Generate text from text-and-PDF input (multimodal)

This example demonstrates how to process PDF files and generate text output when the prompt input includes both text and a PDF document.

const genAI = new GeminiApp(YOUR_CONFIG);

// Converts a Google Drive file ID to a GoogleGenerativeAI.Part object
function fileToGenerativePart(id) {
  const file = DriveApp.getFileById(id);
  const blob = file.getBlob();
  const base64EncodedData = Utilities.base64Encode(blob.getBytes());

  return {
    inlineData: {
      data: base64EncodedData,
      mimeType: file.getMimeType()
    },
  };
}

async function runPDF() {
  const model = genAI.getGenerativeModel({ model: "gemini-1.5-pro-002" });

  const prompt = "What does the pdf file says?";

  const imageParts = [
    fileToGenerativePart("1oamLVEo47-SFqsg6ZV-Pl3xQg0iuho7nMOfOqVl8RdDFyH_gWe8"),
  ];

  const result = await model.generateContent([prompt, ...imageParts]);
  const response = await result.response;
  const text = response.text();
  console.log(text);
}

Build multi-turn conversations (chat)

This example shows how to build freeform, multi-turn conversations (chat) while the state of the conversation is managed by the library.
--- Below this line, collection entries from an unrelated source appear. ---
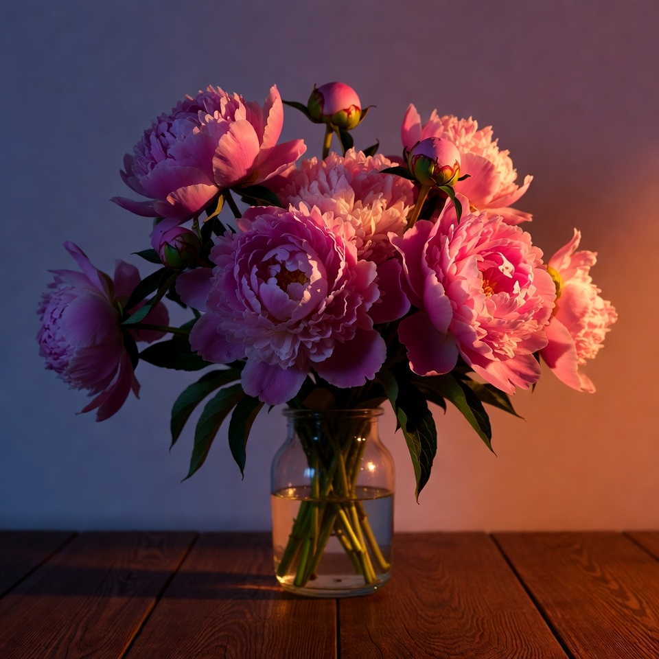 A bouquet of lush pink peonies with layered petals sits in a clear glass jar filled with water. The flowers feature green stems and buds, arranged on a wooden table. Soft purple and orange lighting illuminates the vibrant blooms against a dark background.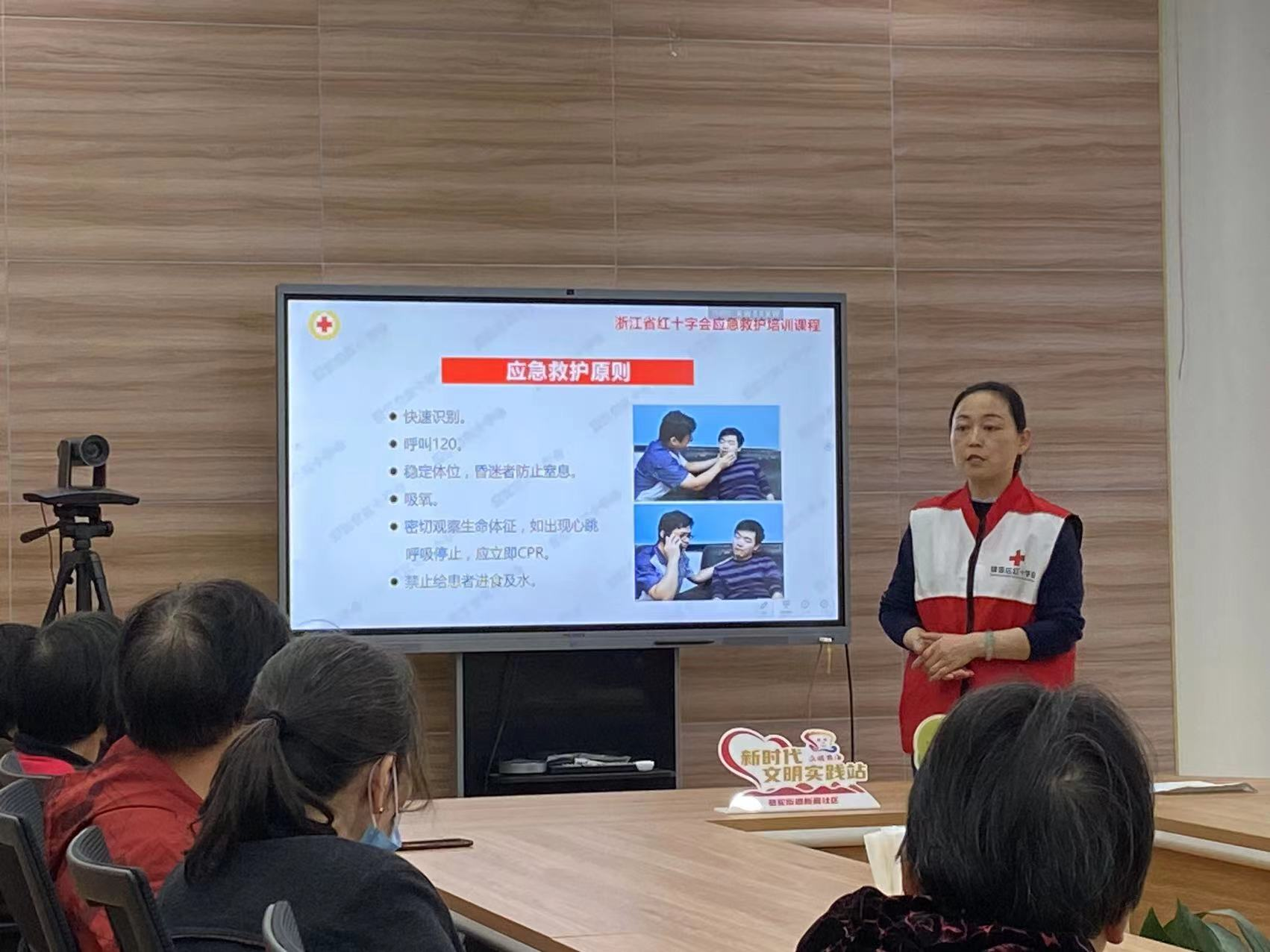 为弘扬“人道、博爱、奉献”的红十字会精神,广泛动员社会力量参与红十字会爱心行动,切实发挥红十字会在人道领域的桥梁和纽带作用。5.8日上午,新晨社区举办了“关爱生命 红十字‘救’在身边”公益讲座。现场,镇海区红十字会的老师为居民们讲述了针对脑卒中该疾病发作时如何应对并演示了心肺复苏术和应急救护、应急救援等相关内容。为大家作了一次精彩的普及培训,得到了群众的一致好评。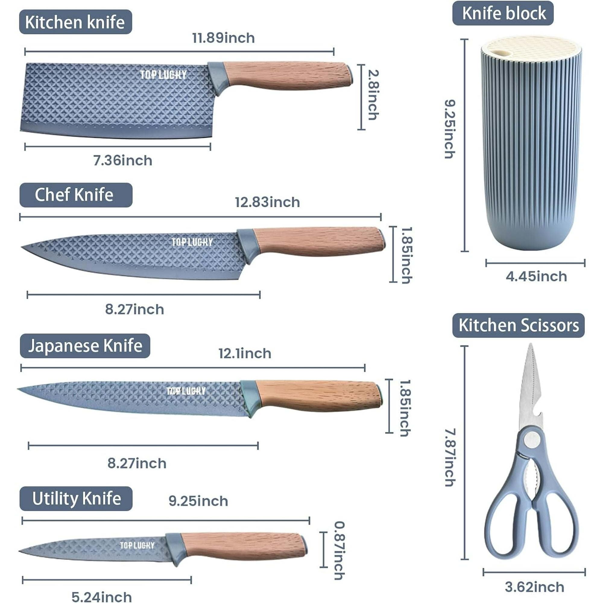 [Practical 6 Piece Knife Set]Including 12" Kitchen Knife, 12.6" Chef's Knife, 12.8" Japanese Knife, 9.3" Utility Knife, 7.9" Kitchen Scissors, 9.3" Universal Knife Block.They can meet all your cutting needs, and the universal knife block can store the entire set of knives, ensuring the cleanliness of your kitchen countertop.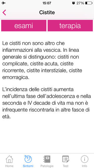 Grazie all’interfaccia e ai menu di facile utilizzo e consultazione è possibile indicare i sintomi per risalire alle probabili patologie urogenitali, per proseguire poi con l’indicazione degli esami di laboratorio e anche alle terapie mediche e chirurgiche per il probabile disturbo. Dopo aver indicato età e sesso del paziente, l’app indica i sintomi disposti in ordine di frequenza. E’ possibile selezionare fino a tre sintomi, per incrementare le possibilità di una diagnosi corretta, successivamente vengono visualizzate le patologie elencate in ordine alfabetico.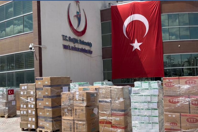 Van başta olmak üzere çevredeki illerde bulunan sağlık kuruluşlarından temin edilen ilaç, serum, sarf malzemeleri, tıbbi cihazlar, sedyeler ve oksijen tüpleri, Van İl Sağlık Müdürlüğünün koordinasyonunda kolilere konarak tır'lara yüklendi.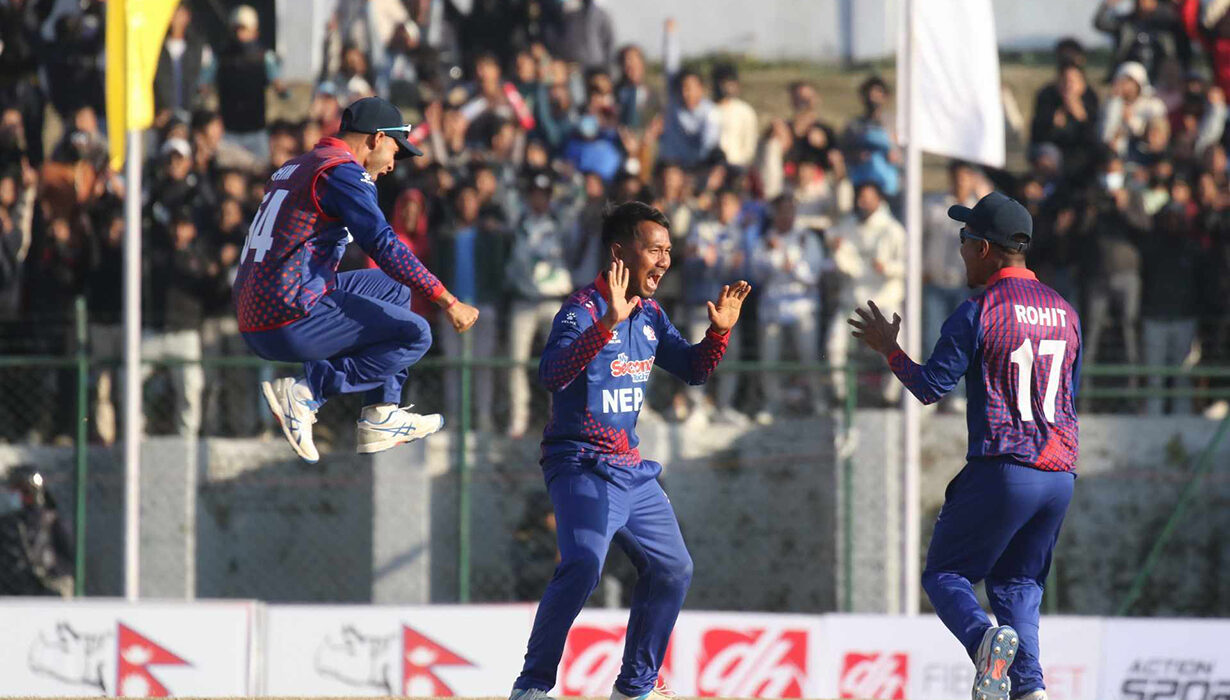 नेपालका लागि कप्तान पौडेल एक्लैले चार र ललित राजबंशीले दुई विकेट लिए । त्यसैगरी सोमपाल कामी, रिजन ढकाल, पवन शर्राफ र कुशल मल्लले समान एक÷एक विकेट लिए ।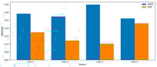 The RMSE and MAE comparison for each sequence measurement by each user (scenario 2).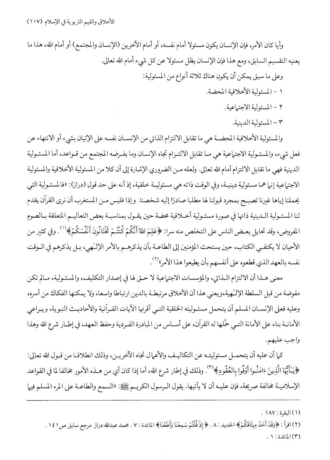 والمسئولية الأخلاقية المحضة هي ما تقابل الالتزام الذاتي من الإنسان نفسه على الإتيان بشيء أو الانتهاء عن فعل شيء، والمسئولية الاجتماعية هي ما تقابل الالتزام تجاه الإنسان وما يفرضه المجتمع من قواعد، أما المسئولية الدينية فهي ما تقابل الالتزام أمام الله تعالى. ولعله من الضروري الإشارة إلى أن كلا من المسئولية الأخلاقية والمسئولية الاجتماعية إنما هما مسئولية دينية، وفي الوقت ذاته هي مسئولية خلقية، إذ أنه على حد قول (دراز) : «فالمسئولية التي يحملنا إياها غيرنا تصبح بمجرد قبولنا لها مطلبا صادرا إليه شخصنا. وإذا فليس من المستغرب أن نرى القرآن يقدم لنا المسئولية الدينية ذاتها في صورة مسئولية أخلاقية محضة حين يقول بمناسبة بعض التعاليم المتعلقة بالصوم المفروض، وقد تحايل بعض الناس على التخلص منه سرا: عَلِمَ اللَّهُ أَنَّكُمْ كُنْتُمْ تَخْتانُونَ أَنْفُسَكُمْ «1» . وفي كثير من الأحيان لا يكتفي الكتاب، حين يستحث المؤمنين إلى الطاعة بأن يذكرهم بالأمر الإلهي، بل يذكرهم في الوقت نفسه بالعهد الذي قطعوه على أنفسهم بأن يطيعوا هذا الأمر» «2» .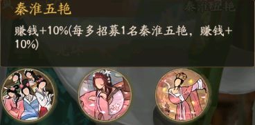 秦淮五艳,赚钱增加百分之10,每招募一个秦淮五艳的门客就会增加百分之10,。秦淮五艳的门客一共是5个,全部招募的话可以增加百分之50的赚钱的。

const genAI = new GeminiApp(YOUR_CONFIG);

async function runMultiTurnChat() {
  const model = genAI.getGenerativeModel({ model: "gemini-1.5-flash" });

  const chat = model.startChat({
    history: [
      {
        role: "user",
        parts: [{ text: "Hello, I have 2 dogs in my house." }],
      },
      {
        role: "model",
        parts: [{ text: "Great to meet you. What would you like to know?" }],
      },
    ],
    generationConfig: {
      maxOutputTokens: 1000,
    },
  });

  const msg = "How many paws are in my house?";

  const result = await chat.sendMessage(msg);
  const response = await result.response;
  const text = response.text();
  console.log(text);

  const result2 = await chat.sendMessage('If I also have a cat, how many paws are there now?');
  const response2 = await result2.response;
  const text2 = response2.text();
  console.log(text2);
}

Build multi-turn conversations (chat) with function calling

This example illustrates how to enable function calling in multi-turn conversations, allowing the model to request the execution of specific functions.

/**
 * Multiplies an input value by 2.
*/
function double(input) {
  console.log(`Gemini has asked to call this function and double ${input}`)
  return {result: input * 2};
}

const genAI = new GeminiApp(YOUR_CONFIG)

async function basicFunctionCalling() {
  const model = genAI.getGenerativeModel({ model: "gemini-pro" }, { apiVersion: 'v1'});

  const doubleFunction = model.newFunction()
    .setName("double_")
    .setDescription("Multiplies an input value by 2.")
    .addParameter("input", "NUMBER", "Input The number to double")
  
  const chat = model.startChat()
    .addFunction(doubleFunction);

  const result = await chat.sendMessage('I have 7 cats. How many cats would I have if I wanted to double the number?');
  const response = await result.response;
  const text = response.text();
  console.log(text);

  console.log(JSON.stringify(chat.getHistory()))
}

If you use chat.getHistory(), you can see the sequence of events:

console.log(JSON.stringify(chat.getHistory()))

Generate and execute code

This example demonstrates how to generate and execute code directly within the model, useful for tasks that require calculations or programmatic logic.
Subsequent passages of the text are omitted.